The question could arise as to why to implement more thoracic space. Looking at the apex location specific outcome, the answer can be found easily. Adding thoracic space improves the de-rotation of T- and especially TL-curves. Additionally, it improves Cobb correction in TL-curves. Based on the results, in (major) curves with lumbar apex it should be avoided, because it resulted in an inferior outcome. Similarly, PHTP was found to be beneficial in T- and TL-curves regarding Cobb correction and de-rotation. In (major) lumbar curves it was related to a slightly inferior outcome. Therefore, PHTP should be implemented in all T- and TL-curves, as was done in our recent timeframe. With regard to ASP, in L-curves it affects de-rotation negatively although a positive association with de-rotation in T- and TL-curves could be observed, similar to that of PHTP. Because PHTP has an additional positive influence on Cobb correction, PHTP should be preferred to ASP. The evolutionary decisions made regarding brace design support this post hoc conclusion.

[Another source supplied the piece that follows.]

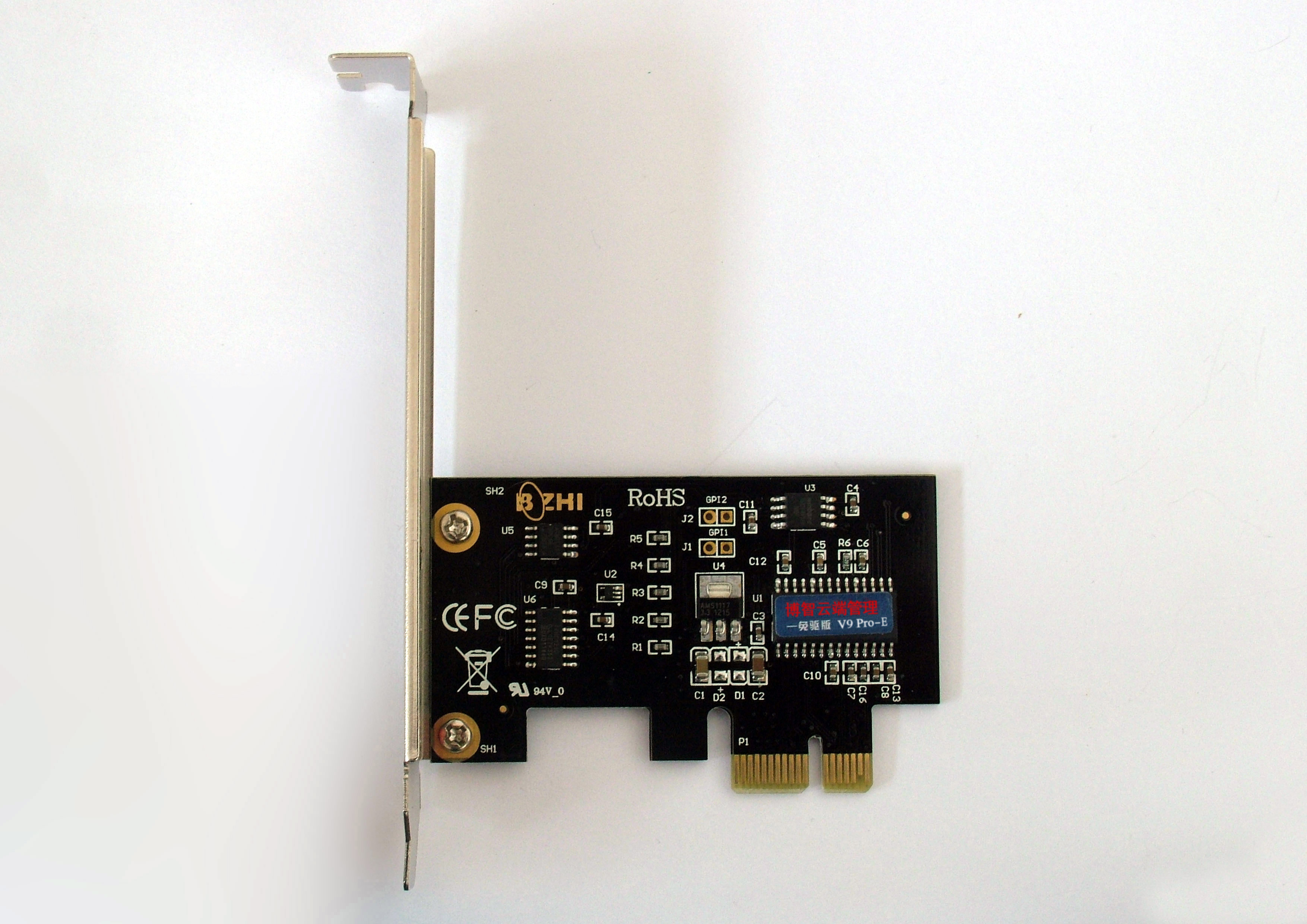博智云端管理卡V9 Pro-E(PCI-E)是青岛博易科技有限公司研发的新一代具有防病毒能力的免驱版保护卡。其核心技术依托公司自主设计的“BOZHI YUN芯片”,真正做到了免驱动盘安装和纯硬件底层保护,可以有效的防止“机器狗”和各种木马病毒对电脑系统的破坏。

Other bracing parameters have been reported to influence primary curve correction. Karam et al. reported a better Cobb correction in X-ray images of fulcrum bending in AIS patients if the fulcrum had been placed more superiorly (at the level of the apex of the curve) [19]. They concluded that a more superior placement of the thoracic pad would be more effective in Cobb correction during bracing. This was confirmed for T-curves by a recent analysis of different TLSO-brace types using finite element modeling (FEM) for brace effect simulation [20]. Besides this, in this FEM study, an angle variation in the pressure points (vectors) was also found to influence correction. However, the sagittal profile was mainly affected here, which was not analyzed in the present study and must be part of future studies. Furthermore, FEM simulations resulted in a small but significant de-rotation if an anterior pad had pushed the rib cage. This observation is comparable to the results regarding anterior shoulder pad outcome.

The present study is not without limitations. First, the analysis only included the results of a single manufacturer and design. Therefore, transferring the results to other brace designs may be difficult and result in different outcomes. Second, the cohort analyzed is rather small. Especially, subgroup analyses become underpowered, for example, the subgroup of double curves in the present study. However, multivariate analysis resulted in significant main effects and allowed the identification of relevant parameters and the direction of their effects. Third, initial curve correction is also a function of curve flexibility. This parameter could not be measured and may represent an unrecognized confounder. Fourth, rotational measurement was based on X-ray images and was performed according to Nash and Moe. Accuracy can further be improved using 3D images or 3D reconstructions [21]. Both were not available in the present study. Fifth, Risser stage is a somewhat unprecise method of describing bone maturity, which could have led to a bias in the inclusion of older individuals (the single 17-year-old patient had a retarded growth spurt because of growth hormone deficiency). Different methods such as tri-radiate cartilage ossification and Sanders stage are better for determining skeletal maturity [22,23] but could not be included because of missing hand X-rays and no imaging of the hips in the total spine X-rays of many patients. Finally, the effects on sagittal profile were not analyzed because lateral images were not available for many of the patients.

5. Conclusions

In conclusion, we were able to describe TLSO-brace parameter changes that were associated with improved primary Cobb angle correction and de-rotation of the (major) curve of AIS patients. Based on these findings, individual design decisions can be made more easily, and braces can be improved further. Future studies should address the effects of brace design parameters on sagittal alignment and different brace types.